A partir da década 1950, ganha força a visão de que a mulher é também uma forte consumidora, e a publicidade da indústria de cosméticos e de outros produtos catapulta ainda mais um padrão de aparência e o ideal das “musas”. Desde que entraram no esporte, mulheres foram atreladas à beleza. A objetificação do corpo da mulher aumentou, principalmente, a partir dos anos de 1970, com a propagação da cultura fitness.
“A partir daí, fica muito forte esse processo de sexualização das mulheres e começa a aparecer com muita força a ideia de shorts curtos, por exemplo. A técnica esportiva fica em segundo plano. O importante não é se a mulher joga bem, mas o que o corpo dela traz de atrativo. Não existe a preocupação de um uniforme funcional. O objetivo deles não é promover a performance do atleta, mas evidenciar o corpo”, analisa a pesquisadora da USP.
As pesquisadoras chamam atenção para o quanto a sociedade se sente à vontade para opinar sobre o corpo da mulher. Goleira da seleção feminina de futebol, Bárbara foi chamada de “porca” por um jornalista na TV holandesa. Após vencer em sua estreia nos Jogos Olímpicos, a jogadora de vôlei de praia Rebecca foi alvo de críticas em suas redes sociais por conta de seu corpo.

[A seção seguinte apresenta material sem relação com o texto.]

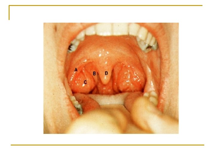 Palate 腭 n Two parts q Hard palate 硬腭: anterior 2/3, formed by the maxilla and palatine bone Soft palate 软腭: posterior 1/3 n n n Velum palatinum 腭帆 Uvula 腭垂 Palatoglossal arch 腭舌弓 Palatopharyngeal arch 腭咽弓 Isthmus of fauces 咽峡 formed by uvula, free border of velum palatinum, both side of palatoglossal arches, and root of tongue.

“É como se a sociedade se sentisse à vontade para falar do corpo da mulher, como se tivesse uma licença para criticá-lo”, afirmou Lívia Gonçalves Magalhães, professora de História da UFF e pesquisadora do Laboratório de Estudos de Gênero e Subjetividades.
O padrão que a sociedade instituiu para as mulheres já criou situações inescrupulosas. Até os Jogos Olímpicos do México, em 1968, existia uma política de verificação de gênero. Mulheres que se destacavam por serem mais fortes ou que não seguiam o padrão passavam por uma inspeção genital para que fosse verificado se eram homens fingindo ser mulheres.
A discussão sobre sexualidade, gênero e os uniformes deve ganhar ainda novos elementos nos próximos anos. Um levantamento do site OutSports calculou que há pelo menos 160 atletas assumidamente membros da comunidade LGBTQIA+ competindo em Tóquio. O número é bem maior do que os dois últimos Jogos somados (79).
Entre os esportistas que se identificam como não-binários está Alana Smith, que participou da disputa feminina do skate, e Rebeca Quinn, atleta que integra a seleção feminina de futebol do Canadá. Não-binária, por definição, é a pessoa que não se identifica nem com o gênero masculino, nem com o gênero feminino. “Há atletas se colocando como não binários. E aí, que uniformes eles vão usar? O Comitê Olímpico Internacional vai ter que encarar que são os atletas que não se identificam com essa forma marcada de homem e mulher. Essa vai ser uma discussão do futuro”, prevê Lívia.